Read Sunset Point: A Shelter Bay Novel Online

Authors: Joann Ross

Tags: #Contemporary, #Military, #Romantic Suspense, #Mystery & Suspense, #Suspense, #contemporary romance, #Romance, #Fiction

Sunset Point: A Shelter Bay Novel (23 page)

“I brought you here to keep you safe,” he insisted in a deep, low voice that vibrated through her. “You have to believe that.”

Her breath shuddered out as he stroked her throat with the pad of his thumb. “I do.” Though there was nothing safe about the way he made her feel.

Just when Tess thought he was going to kiss her, Nate tilted his head so that his lips grazed her cheek. Her mind spinning, she moaned softly as his firm but featherlight lips trailed around the curve of her jaw to her other cheek. “But that doesn’t mean that I haven’t been losing sleep thinking about all the ways I want to make love with you,” he said.

When she turned her head, intent on capturing his tantalizing lips, Nate’s mouth deftly glided up the satin of her skin, leaving her tingling with anticipation. His breath warmed the hollows of her cheeks, her chin, her temples. When it whispered gently over her eyelids, they fluttered closed.

Tess couldn’t think; she couldn’t breathe. Every fiber of her being was brilliantly alive, concentrating on the drugging feel of Nate’s clever, wicked lips. When his breath feathered intimately at her ear, she gripped his forearm, as if to keep from falling off the edge of a wildly spinning world.
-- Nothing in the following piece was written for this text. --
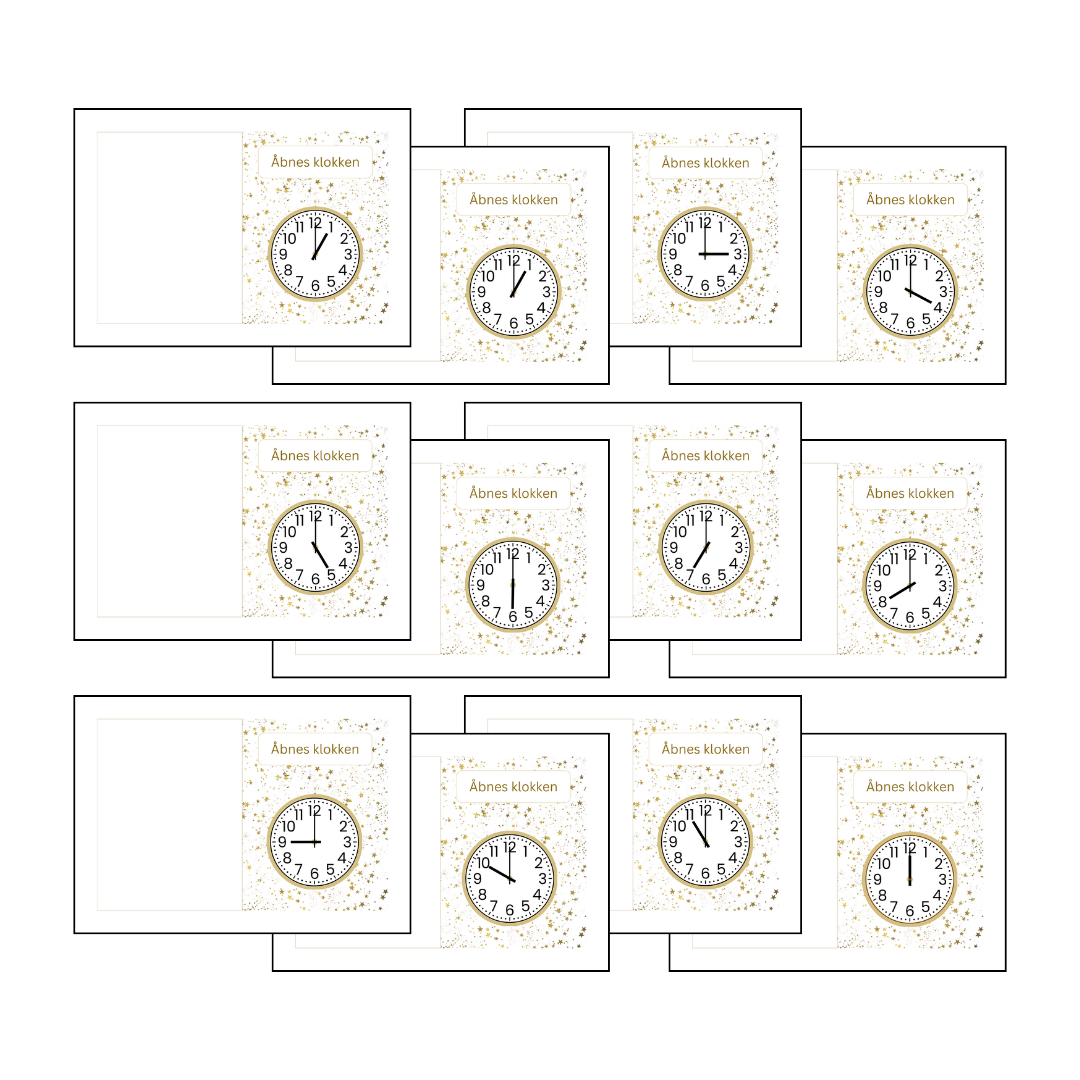 • 12 x ‘Åbnes kl……..’ kort, der kan bruges til timeaktiviteterne.

“I want you, too,” she admitted throatily.

He sighed and closed his eyes for a long, significant moment. When he opened them again, Tess could see the raw emotion in their emerald depths as she lifted her lips to his.

She tasted almost unbearably sweet. Like the nectar of meadow flowers gathered by hummingbirds on a lazy summer day. Or a succulent peach ripening in the warm sun. As his writer’s mind searched for the proper similes, he concluded that Tess’s warming flesh also bore a richer, more pungent taste that reminded him of aged brandy before a winter fire. She was the essence of all those things. And more.

Tess Lombardi was a woman for all seasons. And whether she was prepared to admit it or not, she was his.

But at this moment, she was turning him inside out. If he had his way, they’d both be upstairs naked. And by morning they’d be naked and a lot more than just friends. They’d be lovers.

And then what? Nate asked himself again.

He’d watched her in court, slowly building up that case for the jurors, layer upon layer, until she had them eating out of her hand. Unfortunately, someone in that jury room had proven a holdout, causing her to lose the case. But despite having a well-deserved guilty verdict stolen from her, she had gotten a conviction on the son.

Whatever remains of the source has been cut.